At the same time, there are signs that regulatory thinking is beginning to differentiate more clearly between digital asset types. Discussions around custody standards, settlement processes, and energy usage increasingly treat bitcoin as distinct from other cryptoassets. In some cases, regulatory documents now reference differing risk profiles and operational characteristics, even where formal frameworks remain generally scoped. This shift is incremental rather than comprehensive, but it reflects growing recognition that a single category may not adequately capture the diversity of systems now operating under the “crypto” umbrella.

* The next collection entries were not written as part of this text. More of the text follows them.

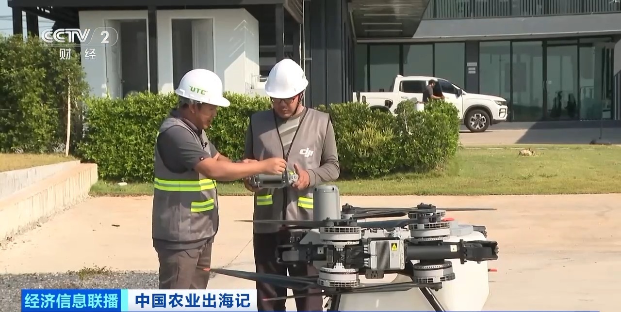 泰国巴真府大型农田项目负责人 布里查:中国农业无人机用下来发现又快又准,而且不会漏喷,几乎是全面覆盖、喷得很细的方式。如果是人工的话,根本没办法知道喷药是不是均匀。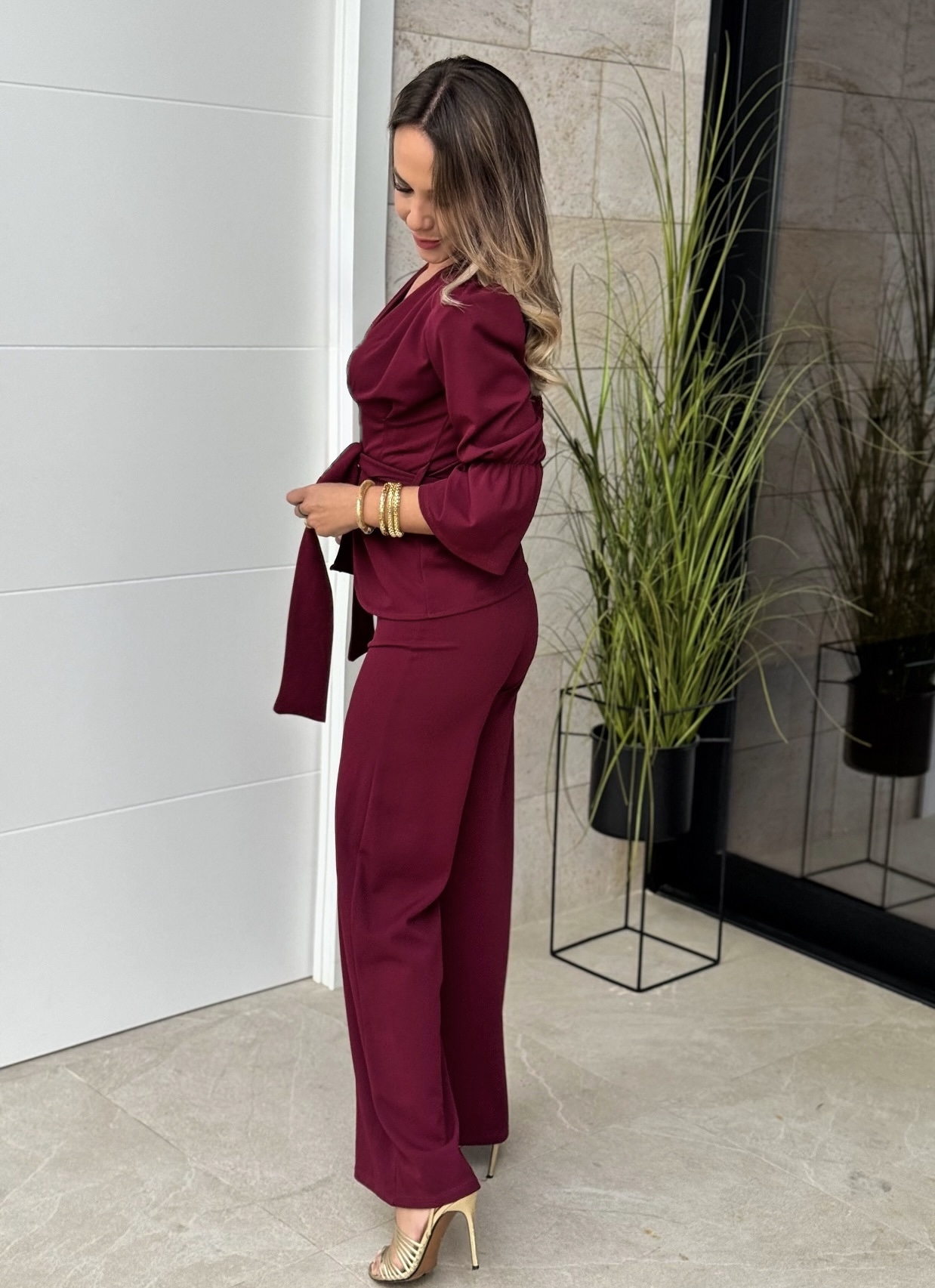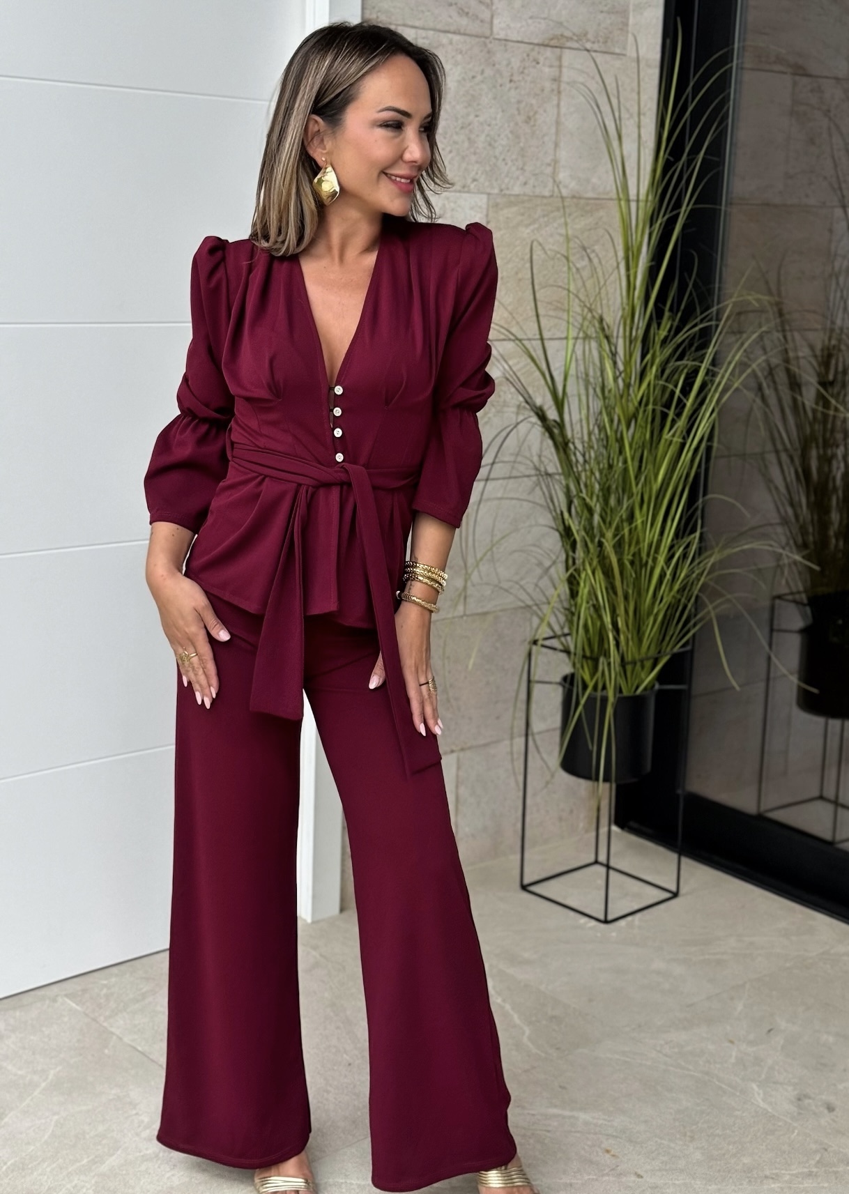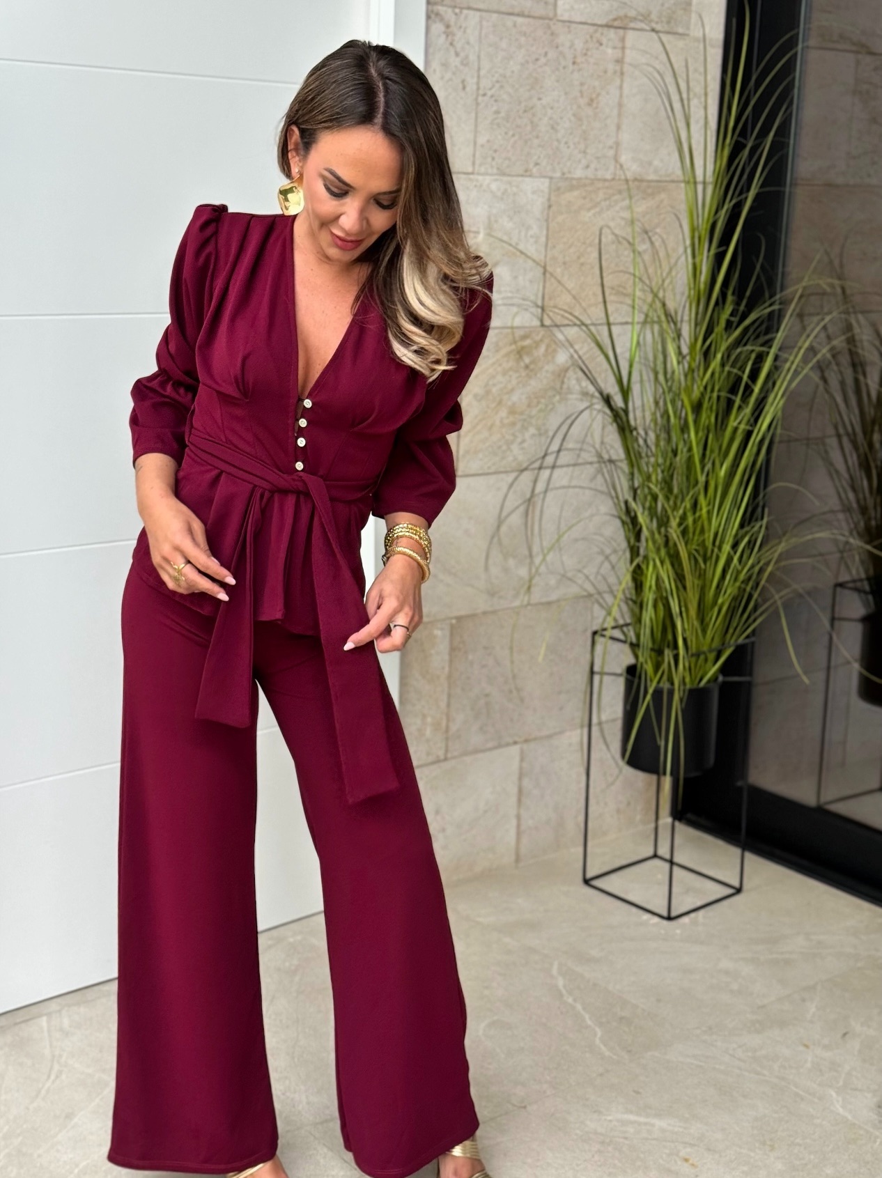 Conjunto chaqueta manga engomada escote pico con detalle botones y cinturón, pantalón recto con goma en cintura.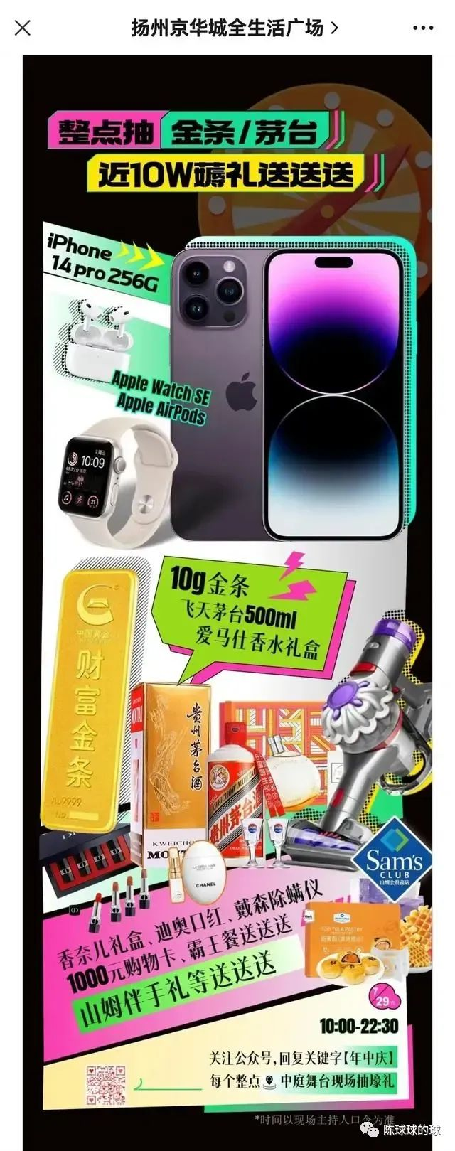 这件事发生在江苏扬州一家名为京华城的商场里。 7月29日,这家商场举办了一场抽奖活动,奖品包括10克金条、500毫升飞天茅台、爱马仕香水礼盒等。 据商场公众号发布的文章显示,抽奖活动从上午10点开始,每隔一个小时抽一次奖,一直持续到晚上10点半。 抽奖活动要求中奖者必须现场领奖,否则视为弃奖。
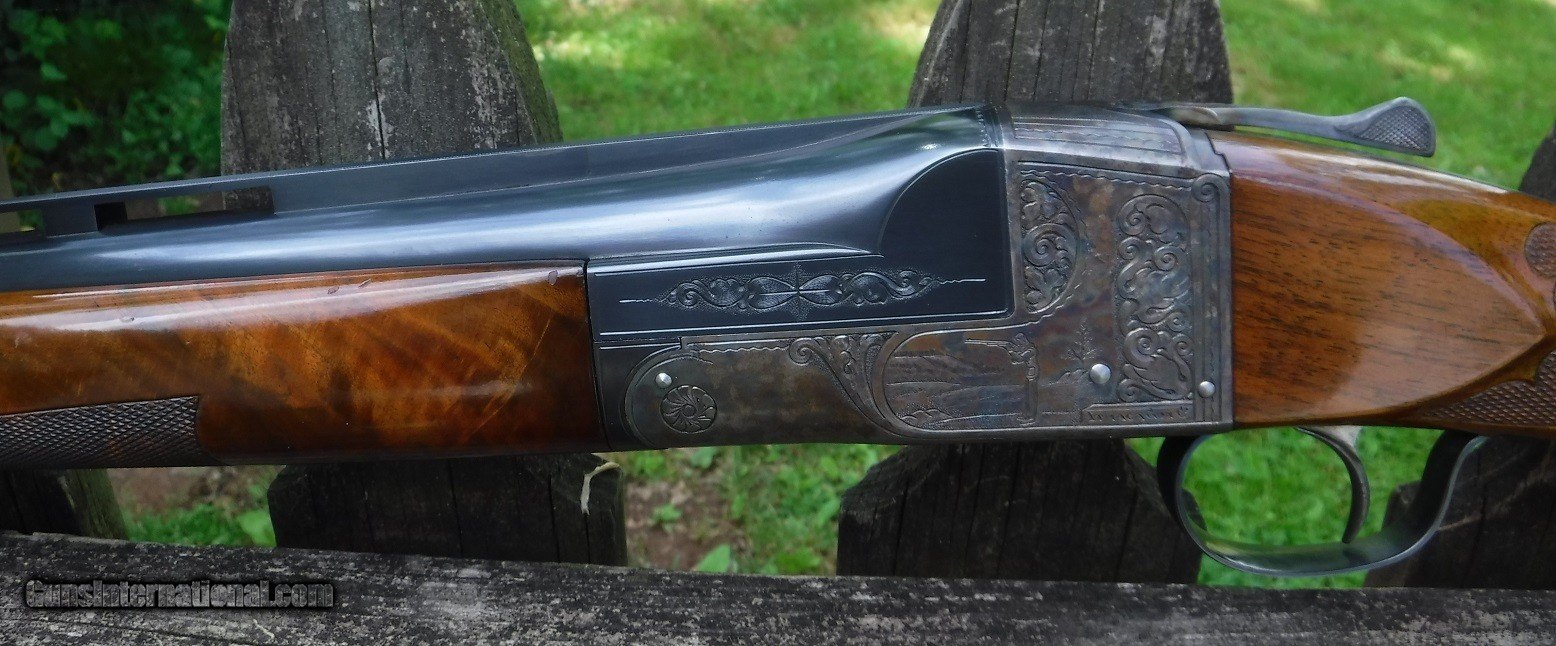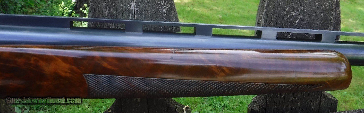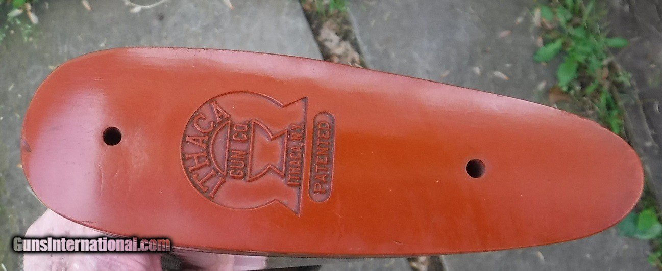 Description: ITHACA 4 E SINGLE BARREL TRAP - KNICERBOCKER MODEL - 32" VENT RIB CHOKED FUL LL ( .042) - LOP 14 3/8" OVER ITHACA SUN BURST PAD - DROP COMB 1 1/2" - DROP HEEL 1 3/4" - METAL BLUE IS 99.9% - CASE COLORS ON ACTION ARE 98% - - WOOD IS VERY GOOD WITH ONLY A FEW SLIGHT HANDLING MARKS - ORIGINAL VARNISH FINNISH SHOWING SOME CRAZING , AS THE ORIGINAL FINNISH WAS PRONE TO DO WITH AGE. - RECEIVER ENGRAVING HAS TRAP SHOOTER ON LEFT SIDE AND INDIAN WITH BOW ON RIGHT SIDE. - TOP LEVER IS VERY FAR RIGHT OF CENTER - WEIGHT 8 LBS 9 OZS. - THIS IS AN EXCEPTIONALY CLEAN AND ALL ORIGINAL 4 E READY FOR A COLECTION OR THE TRAP FIELD. SOLD |

Importantly, this is not a debate about innovation versus regulation, nor about the merits of one asset over another, it is a question of regulatory design. Effective regulation depends on accurate classification, particularly when rules become more granular and enforcement more active. Where classifications obscure meaningful differences, the risk is that regulation becomes either overinclusive or ineffective, imposing burdens that do not address actual risks while failing to account for those that do.
The consequences of this approach are already visible in the UK. Freddie New, Chief Policy Officer at Bitcoin Policy UK said “At present in the UK, consumers new to the space are presented with a universe of thousands of coins, all of which - so the regulator tells them - are equally worthless. This includes both Bitcoin and every meme coin in existence, and the message the FCA sends to consumers arguably puts them at great risk of harm were they to invest in a worthless meme coin rather than the digital asset equivalent of a blue chip company.”
As governments and regulators continue to refine their approaches to digital assets, the challenge may be less about how quickly frameworks are implemented and more about how precisely they reflect the systems they seek to regulate. As digital asset systems continue to diverge, whether the “cryptoasset” category remains fit for purpose has become a question of regulatory effectiveness, not ideology.